ProgramFile22 has been deleted from set 20'. Set of program
container files 20' includes a new ProgramFile24 not found in the
set of program container files 20, i.e. ProgramFile24 has been
added to set 20'. The set of program container files 20' includes
ProgramFile26' found in the set of program container files 20 as
ProgramFile26 with the same name. However, in the set of program
container files 20', ProgramFile26' includes some lines of code
which are different than in ProgramFile26, i.e. the contents of
ProgramFile26 has been changed in the set of program container
files 20'.
[0012] FIG. 3 is a flow chart illustrating the operation and
function of program 50 in more detail. In the illustrated example,
the preexisting set of program container files 20 has been updated
into the updated set of program container files 20'. In step 100,
the operator enters into computer 10 a list of the differences
between the set of program container files 20 and the set of
program container files 20 as specified by the vendor of these sets
of program container files. The list specifies each file which has
been deleted, added or changed when forming the updated set of
program container files 20'. As explained below, this list will be
compared to the deleted, added and changed files identified
independently by program 50. In step 101, program 50 identifies the
highest level of each set of program container files 20 and 20'. In
step 102, program 50 expands the first (highest) level of the sets
of program container files 20 and 20' to yield the second (next
highest) level of each set of program container files illustrated
in FIGS. 2(a) and 2(b).
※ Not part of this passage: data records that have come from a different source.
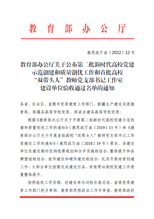 近日,教育部办公厅公布了第二批新时代高公司党建示范创建和质量创优工作建设单位验收通过名单,航空工程公司教师第一党支部顺利通过“全国党建工作样板支部”建设单位验收。
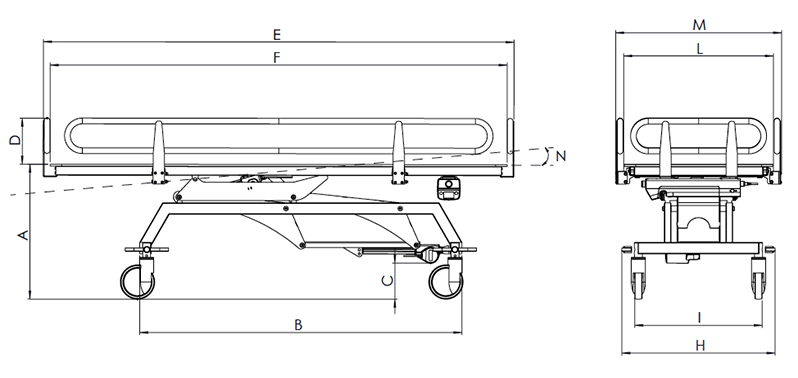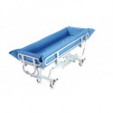 Barella doccia per il lavaggio ed il trasferimento di pazienti, elevabile elettricamente da 59 a 99 cm, con piano di lavaggio inclinabile elettricamente fino a 5° per un corretto drenaggio durante e dopo l'uso. Struttura in acciaio verniciato a polveri, con trattamento antiruggine di derivazione automotive per garantire affidabilità e durata nel tempo. Telo imbottito in PVC rinforzato con poliestere, privo di ftalati, sanificabile. Le ruote ad alto scorrimento, Ø 125 mm, sono dotate di freno a blocco totale. La larghezza contenuta della barella consente una facile movimentazione senza sforzi anche in spazi ristretti. Dotata di sponde ribaltabili di 180° per consentire un facile posizionamento del paziente sulla barella direttamente dal letto e viceversa. Motorizzazione: TiMOTION
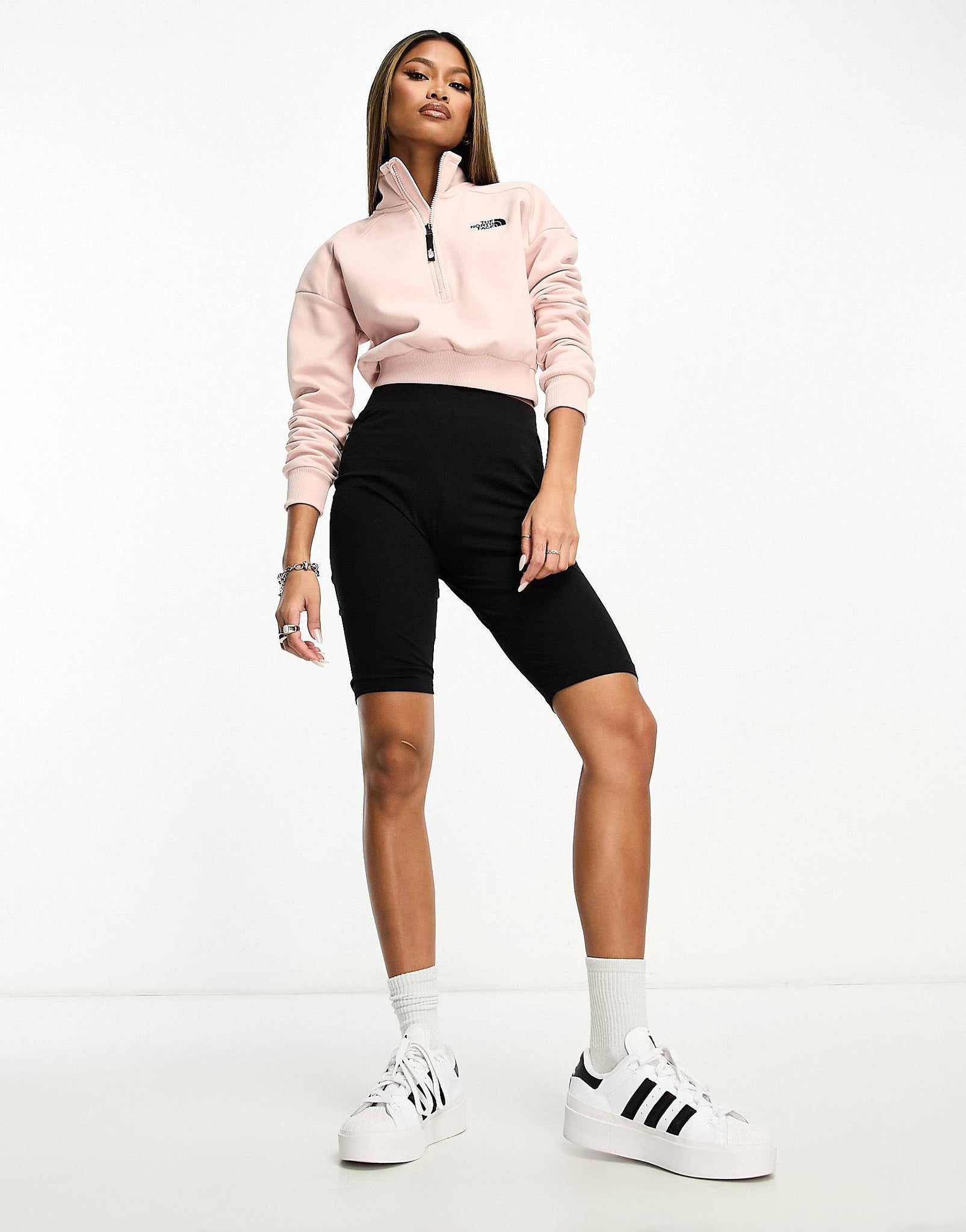 The North Face cropped 1/4 zip sweatshirt pink
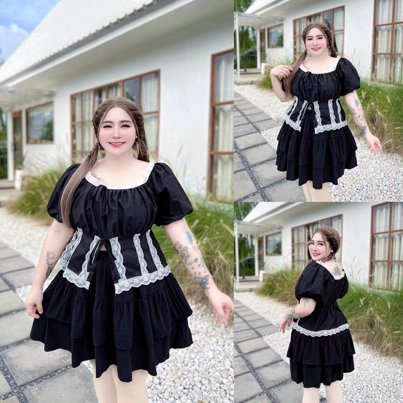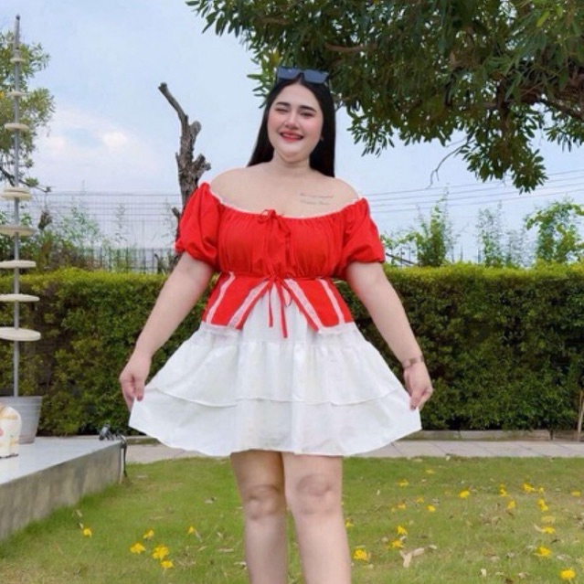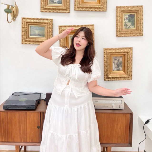 #40(ส่งเร็ว)เสื้อปาดไหล่แขนตุ๊กตาแต่งลูกไม้สีขาว มียางสม็อคด้านหลัง ผ้าไหมอิตาลี ไซส์ใหญ่ แฟชั่นสาวอวบ Bigsize Women
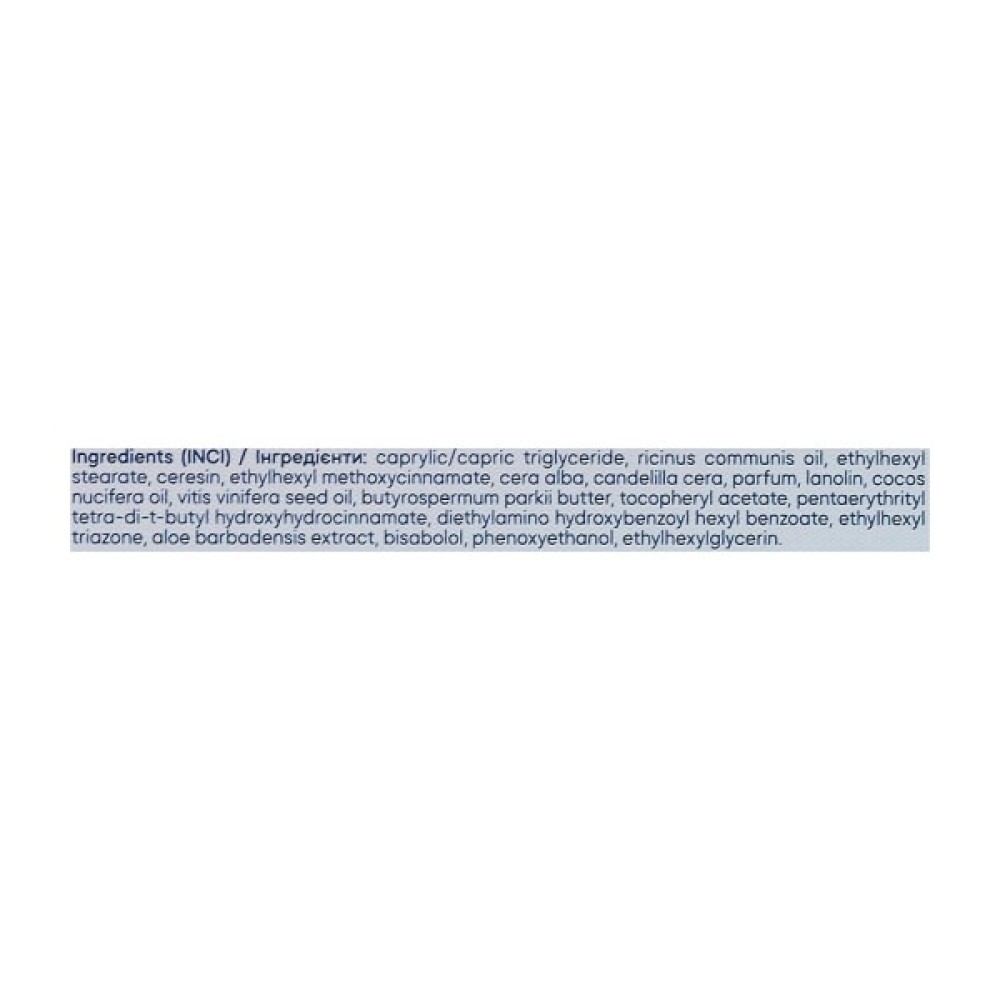 caprylic/capric triglyceride, ricinus communis oil, ethylhexyl stearate, ceresin, ethylhexyl methoxycinnamate, cera alba, candelilla cera, parfum, lanolin, cocos nucifera oil, vitis vinifera seed oil, butyrospermum parkii butter, tocopheryl acetate, pentaerythrityl tetra-di-t-butyl hydroxyhydrocinnamate, diethylamino hydroxybenzoyl hexyl benzoate, ethylhexyl triazone, aloe barbadensis extract, bisabolol, phenoxyethanol, ethylhexylglycerin

In the illutrated embodiment, program 50
expands Program Container File 20 and Program Container File 20' by
issuing a known Sun Microsystems JAVA "JAR" command. The JAR
function decompresses the Program Container File 20 and Program
Container File 20'. Then, the JAR function checks the manifest of
each of the Program Container File 20 and Program Container File
20' to determine the contents of the respective, next hierarchical
level. Then, the JAR function opens each of the program container
files and other files in this respective, next hierarchical level.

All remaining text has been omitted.